Menu

Filter op
content
Omgevingsweb

 

Ruimtelijke ontwikkelingen dienen altijd rekening te houden met bestaande en toekomstige natuurwaarden. Regels op dat gebied zijn onder andere vastgelegd in de Omgevingswet en verschillende uitvoeringsregelingen.

Algemeen

Natuur speelt al gauw een rol bij ruimtelijke ontwikkelingen. Ontwikkelingen die leiden tot stikstofdepositie staan erg in de belangstelling. Maar denk bijvoorbeeld ook aan de gevolgen van activiteiten door ruimtebeslag, aantasting van nestplaatsen, foerageergebieden of migratieroutes, verstoring door geluid, toenemende recreatiedruk, optische verstoring, of veranderingen in de hydrologische situatie. Of een ontwikkeling negatieve gevolgen heeft voor beschermde natuurgebieden of beschermde soorten kan worden bepaald aan de hand van ecologisch onderzoek.

Sinds 2017 is het natuurbeschermingsrecht grotendeels opgenomen in de Wet natuurbescherming, het Besluit natuurbescherming en de Regeling natuurbescherming. De Wet natuurbescherming heeft de daarvoor geldende Natuurbeschermingswet 1998, Flora- en faunawet en Boswet vervangen. Sinds 2024 is deze Wet natuurbescherming opgenomen in de Omgevingswet.

Ook in andere kaders zijn regels over natuurbescherming opgenomen. Zo is het beschermingsregime voor het Natuurnetwerk Nederland, voorheen de Ecologische Hoofdstructuur, opgenomen in provinciale verordeningen.

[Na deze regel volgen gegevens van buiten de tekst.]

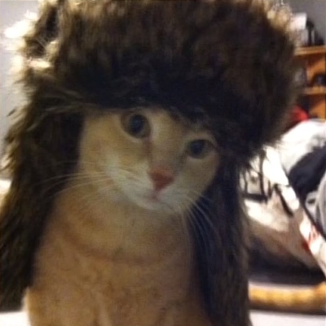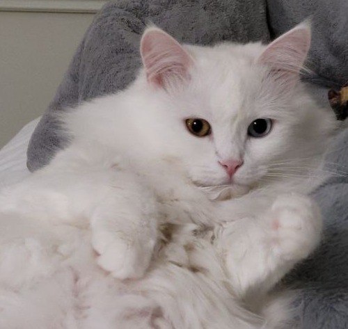 Белого цвета. Из отличительных особенностей - разного цвета глаза (гетерохромия). Боится всего, на улицу никогда не выходил
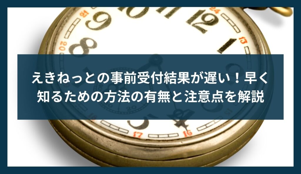 新幹線や特急の指定席券を確保する際に便利な「えきねっとの事前受付」ですが、受付結果がなかなか通知されず遅いと感じたことはありませんか? 繁忙期に重要な切符を申し込んだ場合、結果がわからないまま長時間待つのは不安ですよね。この記事では、えき... -
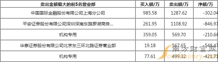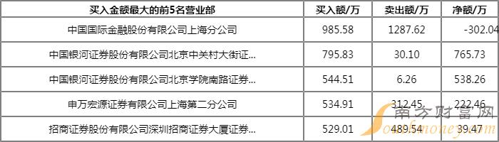 上榜的前五大买卖营业部合计成交8979.21万元,占该股当天成交总金额的比例为19.65%,其中,买入成交额为4107.65万元,卖出成交额为4871.56万元,合计净卖出763.91万元。
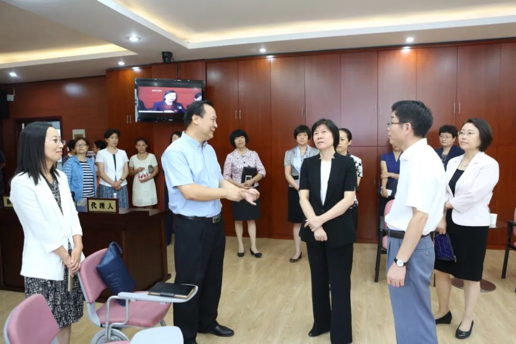 沈跃跃同志参观法学院模拟法庭

Natuurbescherming in de Omgevingswet

De meeste inhoudelijke regels over natuurbescherming zijn, ingedeeld naar doelgroep, opgenomen in een van de volgende drie besluiten:

  • Besluit Activiteiten Leefomgeving (Bal)
  • Besluit Kwaliteit Leefomgeving (Bkl)
  • Omgevingsbesluit (Ob)

Daarnaast moet het omgevingsplan (vervanger van het bestemmingsplan) als passend beoordeeld worden als het significante gevolgen kan hebben voor een Natura 2000-gebied. Er moet dan worden voldaan aan de eisen die het Bkl hieraan stelt.

Drie pijlers

De Wet natuurbescherming, sinds 2024 opgenomen in de Omgevingswet, bevat regels over soortenbescherming, gebiedsbescherming en houtopstanden.

Soortenbescherming

De regels over soortenbescherming zijn gericht op de bescherming van beschermde soorten, ongeacht waar deze zich bevinden. Het gaat om vogelsoorten waarop de Europese Vogelrichtlijn betrekking heeft, dier- en plantensoorten opgenomen in de Europese Habitatrichtlijn en de Verdragen van Bern en Bonn, en dier- en plantensoorten waarvoor een nationaal beschermingsregime geldt. De Wet natuurbescherming bevat ook regels over faunabeheer en schadebestrijding, jacht, en handel in en bezit van dieren en planten.

Gebiedsbescherming

De regels over gebiedsbescherming zijn gericht op de bescherming van Natura 2000-gebieden en de natuurwaarden waarvoor deze gebieden zijn aangewezen.

Houtopstanden

De regels over houtopstanden hebben betrekking op houtopstanden van een bepaalde omvang buiten de bebouwde kom. Houtopstanden binnen de bebouwde kom worden gereguleerd door gemeentelijke regels.

In beweging

Het natuurbeschermingsrecht is geen rustig bezit. Niet alleen omdat de Wet natuurbescherming in 2017 in werking is getreden, waardoor de wet- en regelgeving op onderdelen is gewijzigd, en in 2024 die wet alweer is opgenomen in de Omgevingswet. Maar ook omdat er regelmatig jurisprudentie verschijnt van Europese en nationale rechters over de toepasbaarheid van bestaande regels en de wijze waarop deze regels moeten worden uitgelegd. De ‘stikstof-uitspraak’ van de Raad van State van 29 mei 2019 is hiervan een voorbeeld.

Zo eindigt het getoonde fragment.